News In Brief

Ellis Island is mostly in New Jersey, the Supreme Court ruled. In a 6-to-3 decision, the justices said New York can lay claim to only about five acres - including the main historic building - on the 27.5-acre island where waves of would-be immigrants were processed from 1892 to 1954. In addition, the court turned away, without comment, arguments by antiabortion protesters from North Carolina that the 1994 Freedom of Access to Clinic Entrances Act discriminates against abortion opponents and that Congress overstepped its authority to regulate interstate commerce when it passed the measure.

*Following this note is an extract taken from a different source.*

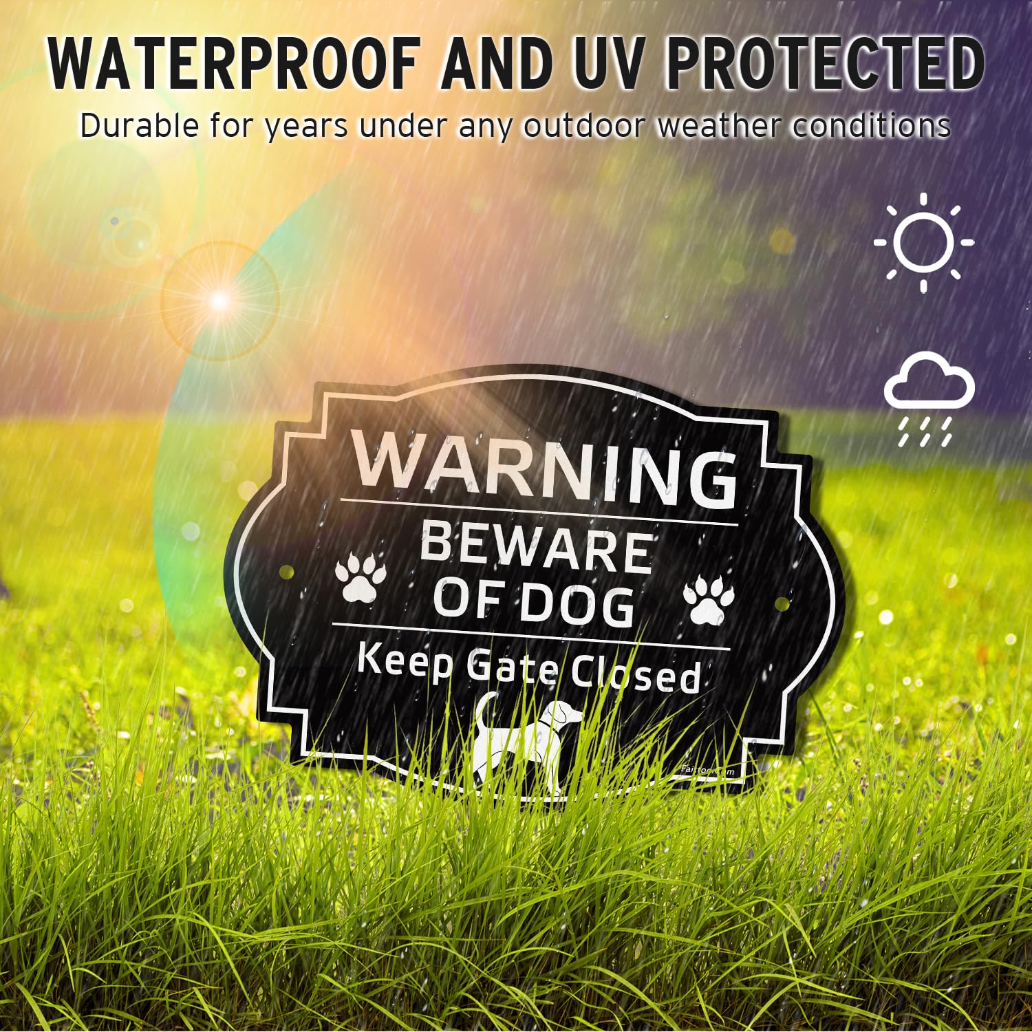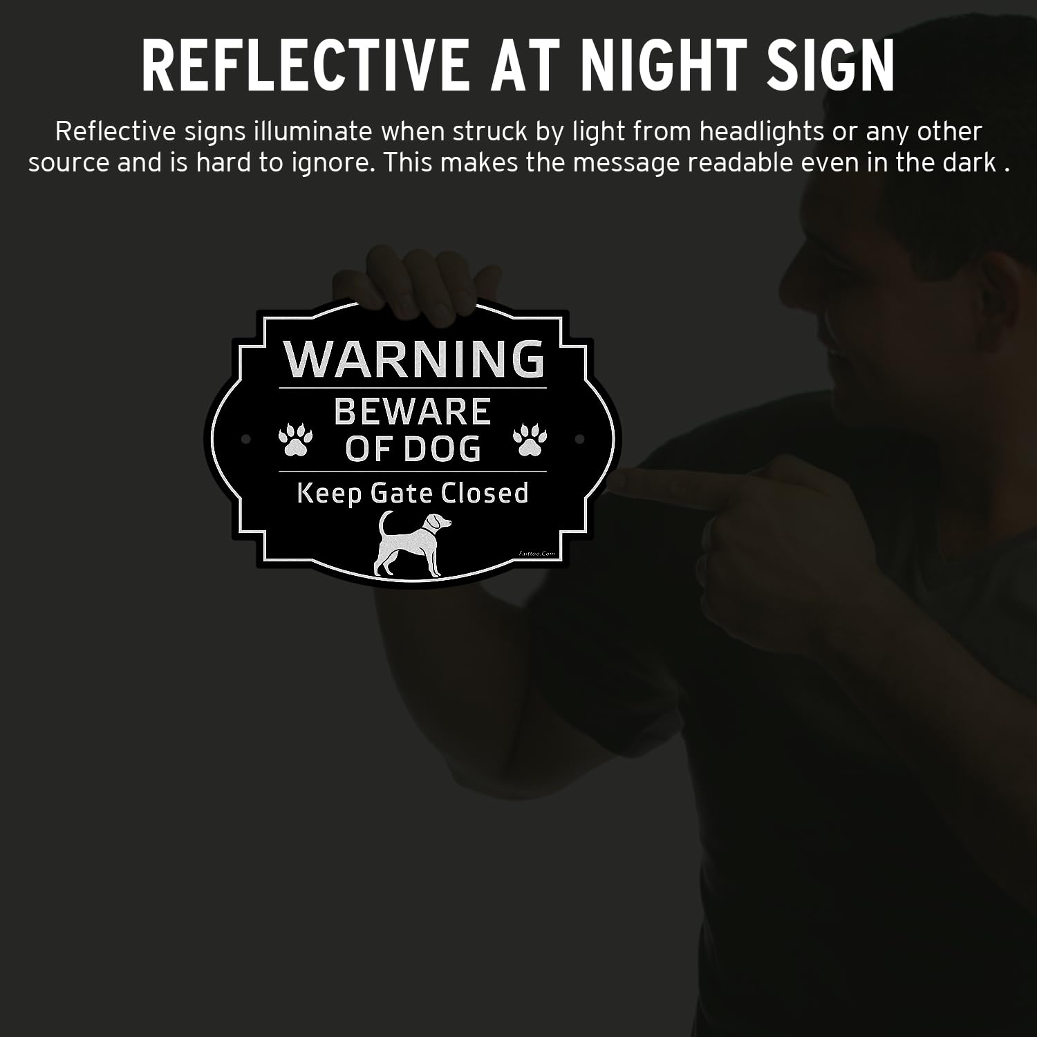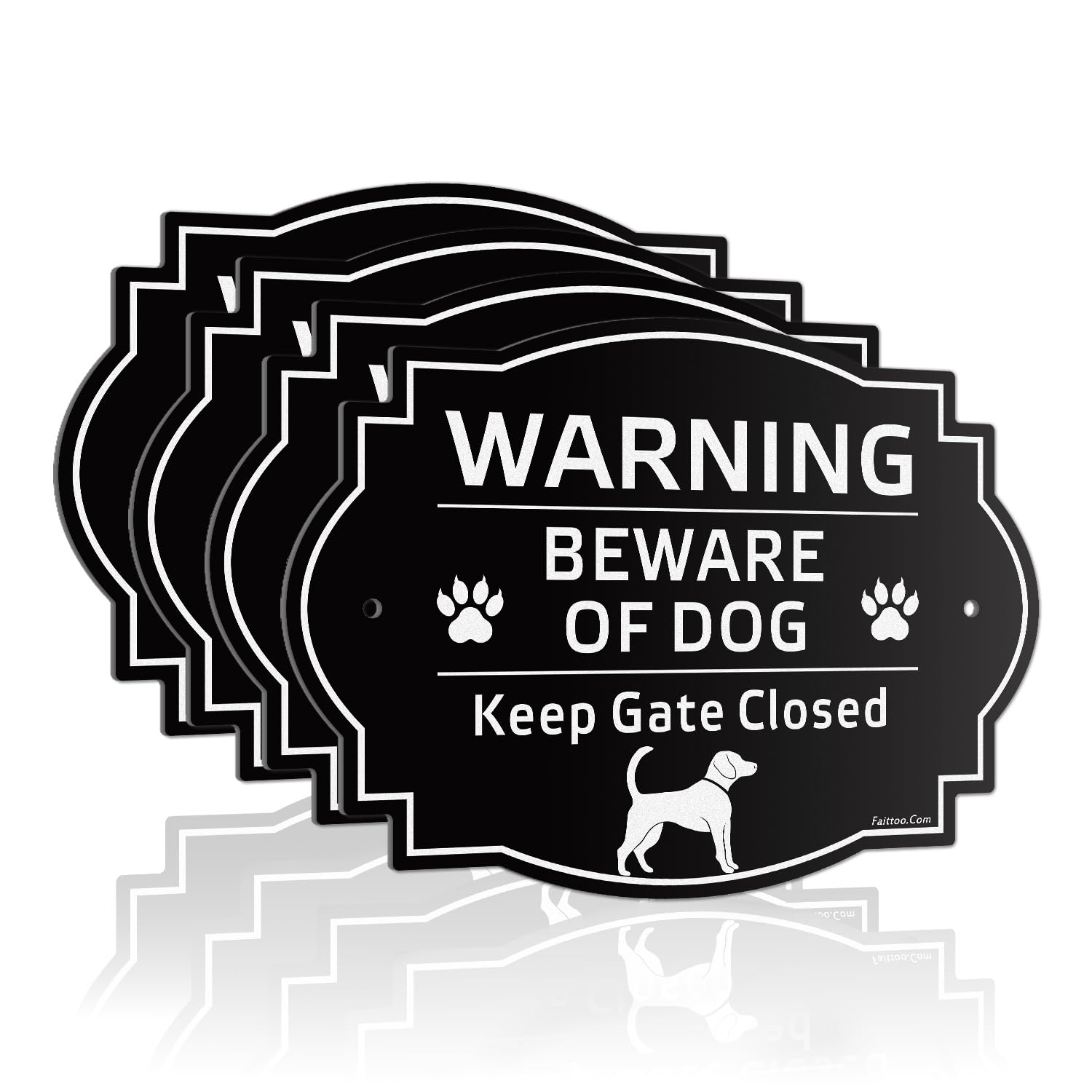 Faittoo Beware of Dog Sign Outdoor, Keep Gate Closed Sign, 4 Pack 10"x7" Rust Free Reflective Aluminum, Fade Resistant, UV Protected, Weatherproof, Warning Dog Sign for Door or Gate

Consumer confidence fell slightly in May, but remained strong. The Conference Board said its index of consumer confidence fell to 135.2 from a revised 137.2 in April. Even with the decline, the index was near the 29-year high of 137.4 recorded in February.

The US will soon announce retaliatory measures to protest a European Union barley shipment on its way to California, Agriculture Secretary Dan Glickman said. Farmers and lawmakers had bitterly criticized the subsidized 30,000-metric-ton shipment of Finnish grain, saying it depressed already-low grain prices and may signal EU plans to dump more heavily subsidized farm commodities in the US.

Police shut down San Francisco's main medical marijuana club, enforcing a court order to close the operation for violating state drug laws. A superior court judge said last week the San Francisco Cannabis Healing Center did not fit provisions in a 1996 state law which specified only patients and "primary caregivers" could legally possess marijuana for medical use.

Monica Lewinsky's former White House boss testified before the Whitewater grand jury in Washington. John Hilley, head of the White House Office of Congressional Liaison while Lewinsky worked as an intern there, was the first witness of the week in the closed-door proceedings.

Fourteen members of the Montana Freemen were to go on trial in Billings. They are charged with more than 40 crimes - including conspiracy, bank fraud, threatening a federal judge, and armed robbery in connection with an attempt to establish their own governments and courts. They were brought to justice after an 81-day standoff with the FBI nearly two years ago. Five Freemen have already been convicted.

Michael Fortier is to be sentenced today in Oklahoma City for doing nothing to stop the bombing in 1965 of the city's federal building, which cost 168 lives. Fortier has pleaded guilty to transporting and selling stolen weapons to finance the bomb plot. He is expected to win some leniency because he provided evidence for the convictions of Timothy McVeigh and Terry Nichols.

A leading anti-Nazi group said a new report on how Switzerland ignored the origins of Nazi gold falls short because it looks only at assets of the victims, not at the victimizers. An official of the Simon Wiesenthal Center in Los Angeles urged an investigation of what happened to assets of Nazis that came to the Swiss banks. The new Swiss report is the first government-sanctioned study to conclude that Swiss officials were clearly aware they were buying stolen gold.

Florida officials said continuing heat and drought had left the state very vulnerable to forest fires. Firefighters said at least 10,000 acres had already been scorched - more than 1,000 of them in or near the Apalachicola National Forest. Teams brought in from neighboring Georgia, Alabama, and Arkansas to help battle some of the blazes were asked to remain for forest fires expected in coming weeks.

The World

Ulster Unionist leader David Trimble was in a fight for control of his own party in Northern Ireland as members opened the selection process for candidates to serve on the 108-seat power-sharing assembly that will govern the province with Catholics. His party, the largest Protestant group in Northern Ireland, is deeply split over sharing power. Analysts said Trimble was trying to keep his followers from voting for candidates who oppose the historic peace accord, which was approved by a majority of voters in last week's referendum.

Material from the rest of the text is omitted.